Unfortunately the affair was made public and Cecilia's reputation was ruined. Even her parents would have nothing to do with her. But Cecilia was now a widow and a wealthy one at that. The way to reinstate her reputation was through marriage to a respectable man - but if she had problems with Robert Castello they were nothing to what she would have to endure with Charles Cranbrook. Four months into the marriage he would be dead from poisoning, but was it suicide, murder or a dreadful accident?
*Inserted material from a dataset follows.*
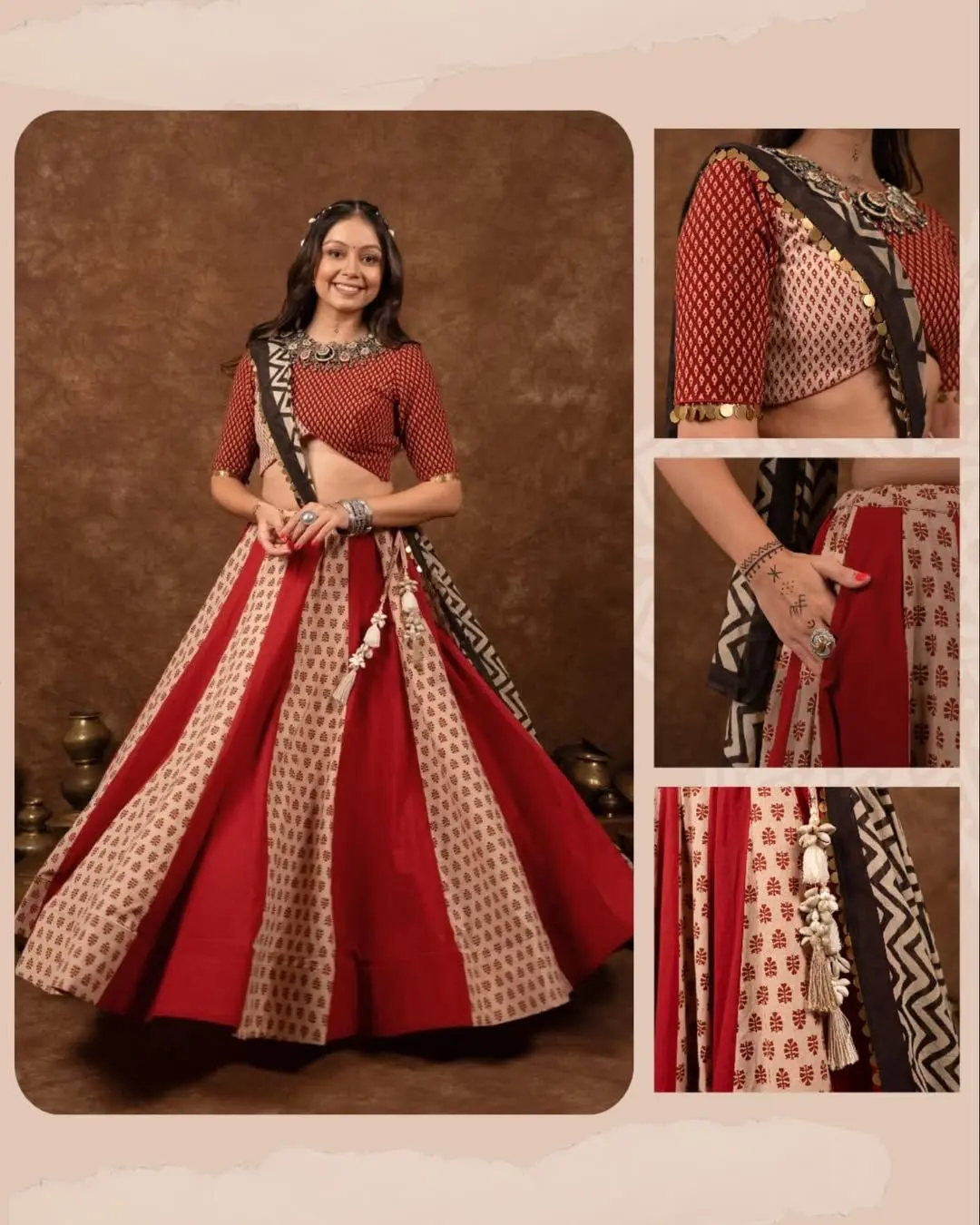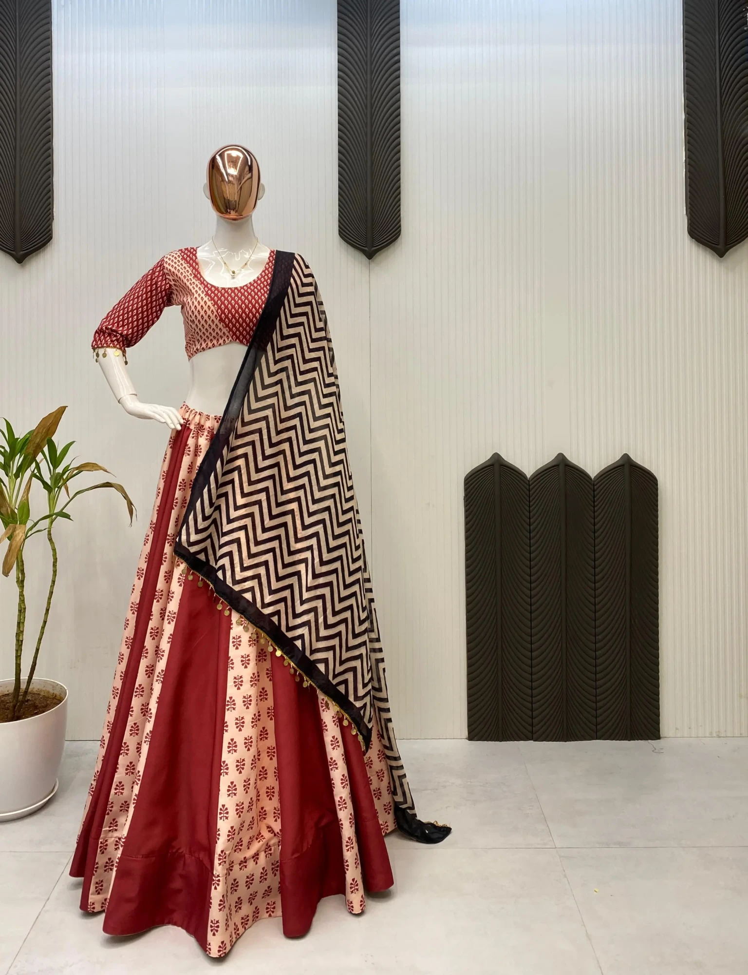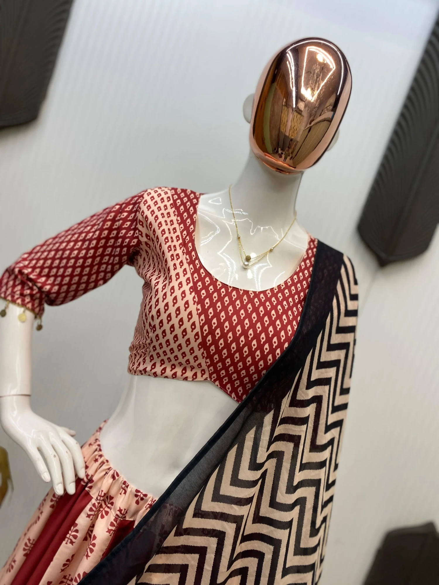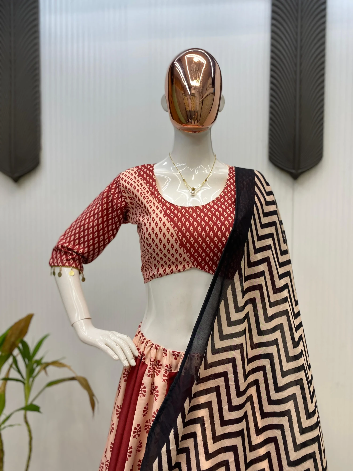 Celebrate this Navratri season with our exclusive full-stitched lehenga choli set, designed with premium printed polly reyon fabric and finished with fine detailing. The set includes a beautifully stitched blouse, a flowing lehenga, and a dupatta with sikka lace, making it the perfect festive outfit. Fully stitched and ready to dispatch, this quality ensemble ensures comfort and elegance for your celebrations.
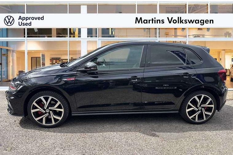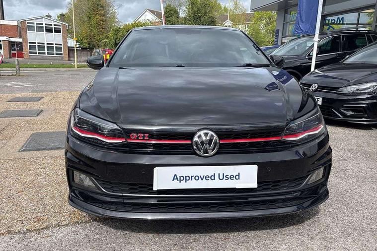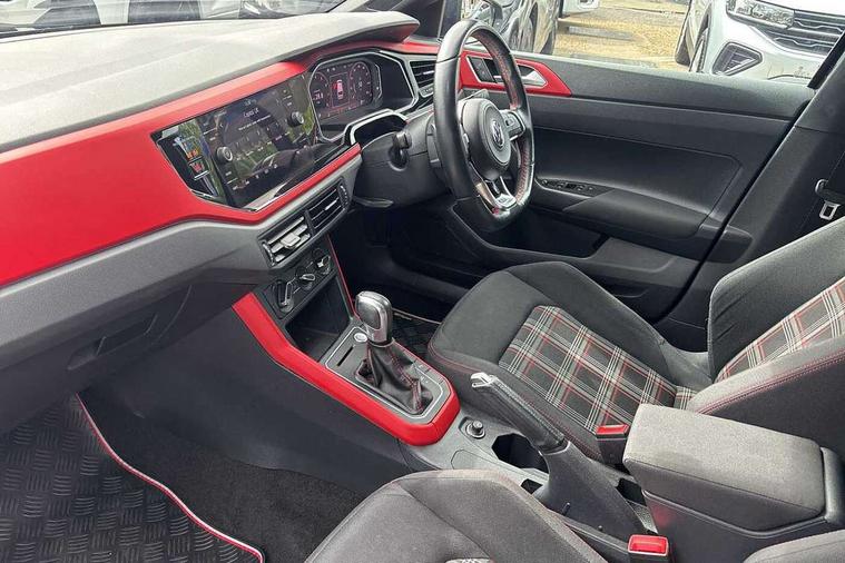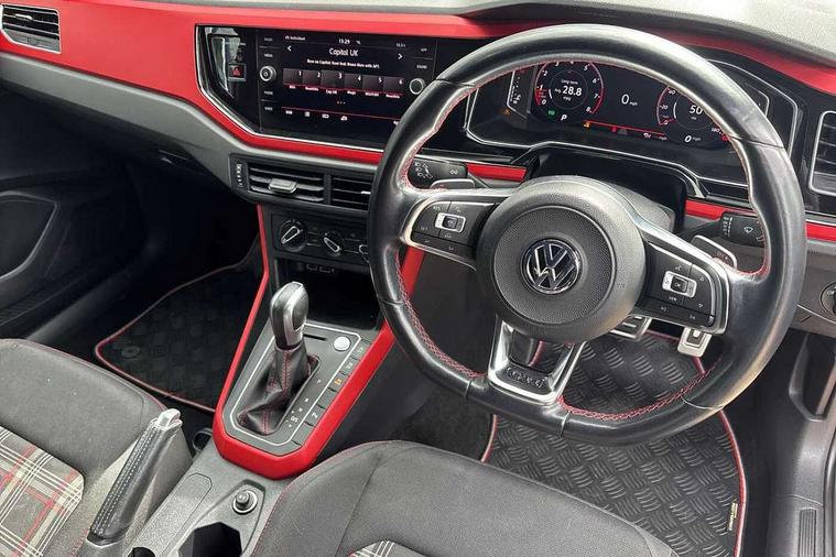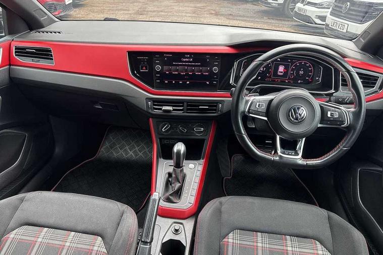 ACC - Adaptive cruise control with front assist, forward collision warning, distance monitoring, city emergency brake and speed limiter, App-Connect, Digital clock, Driver alert system, Driving Mode Selection with four preset modes - Eco, normal, sport or individual modes, Lights on warning, Multifunction computer plus, Power assisted speed sensitive steering, Speedo and rev counter, electronic odometer, trip, service interval display and fuel gauge, Start/stop system, Volkswagen connect, Warning buzzer and light for front seatbelts unfastened, Battery regeneration during braking, Galvanished body, Lowered sports suspension, XDS electronic differential lock, Body colour door handles, Body coloured side sills, Dusk sensor + automatic driving lights, Electric front windows, Electrically foldable, adjustable and heated door mirrors with reverse activated kerb view adjustment on passenger's side, Extended sill strips flared in black, Front fog lights including static cornering, Front windscreen washers and wipers with 4 speed intermittent delay, Gloss black rear spoiler (roof), Heat insulating tinted glass, Heated rear window with auto timer, High level 3rd brake light, Honeycomb radiator grille with red stripe, LED darkened rear light clusters, LED daytime running lights, LED dipped and main beam headlights with automatic range adjustment, LED rear number plate lights, Rear electric windows, Rear tinted glass from B-pillar backwards approx 65% tinted, Rear windscreen washer and wiper with interval delay, reverse activated, Stainless steel door sill protections with GTI logo, Twin chrome exhaust tailpipes, Unique GTI badging, 2 bag hooks in luggage compartment, 2 front cupholders and 12 V socket with cover, 3 rear head restraints, 60/40 split folding rear seat, AlumInium look pedals, Ambient lighting in front foorwell, front/rear door and dashboard light strips, Black roof lining and sun visors, Centre console storage with open storage compartment, Chrome-plated electric mirror adjustment switch surround, Chrome-plated electric window button surround, Driver and front passenger sunvisors with illuminated vanity mirrors, Dust/pollen filter, Folding rear seat backrest, Front and rear carpet mats with red stitching, Front centre armrest with storage compartment, Front head restraints, Front seat backrest storage pockets, Gear change selection via paddle shift on steering wheel, Gear lever gaiter in black trim surround, Glovebox, Handbrake grip button in chrome effect, Height/reach adjustable steering column, Instrument lighting, adjustable panel illumination, Interior light with delay, Isofix Preparation 2 Rear child seats, Jack and tool kit, Leather gear knob and handbrake grip, LED interior lighting - 2 reading lights front and rear with interior delay and dimming function, Luggage compartment cover, removable, Luggage compartment lighting, Luggage compartment with variable load floor, Storage compartment in front doors, Storage compartment in rear doors, Storage compartment under front seats, Three spoke leather trimmed multifunction steering wheel with GTI logo and red contrast stitching, GTI styling pack - Polo, Light and sight pack - Polo, 3 point height adj front seatbelts + pretensioners, 3x3 point rear seatbelts, ABS, Automatic post collision braking, Driver/front passenger airbag, Drivers and front passengers safety optimised head restraints, ESP with EDL + ASR, Front and rear passenger curtain airbags, Front passenger airbag deactivation, Front seat side impact airbags, Front/rear disc brakes, Hill hold control, Hydraulic Brake Assist (HBA), Red brake calipers, Single tone horn, Tyre pressure monitoring system, Alarm with interior protection and deactivation via infotainment system, Electronic engine immobiliser, Remote central locking with 2 remote folding keys, Remote keyless entry using key fob including Start/Stop button on centre console, Chrome instrument surround detailing, Chrome plated air vent surround, Gloss black instrument surrounds, Steel space saver spare wheel,

It is, of course, a reworking of the Charles Bravo case which set Victorian London alight but which was never resolved. No one was ever charged over the death and Bravo's widow echoed the death of her first husband and died of alcohol poisoning at an early age. John Kerr's retelling of the story concentrates on Cecilia's life before the death of her second husband (we're some two thirds of the way through the book before Cranbrook dies) before suggesting an elegant solution to the case. It's entirely plausible that it did happen this way although one piece of evidence was a little too convenient for my liking.
It's a good story - whether or not you know anything of the original - and Kerr has a wealth of knowledge about Victorian London and particularly what were then the outlying villages. It's easy reading and great fun to see whether or not you agree with the denouement. I'd like to thank the publishers for sending a copy to the Bookbag.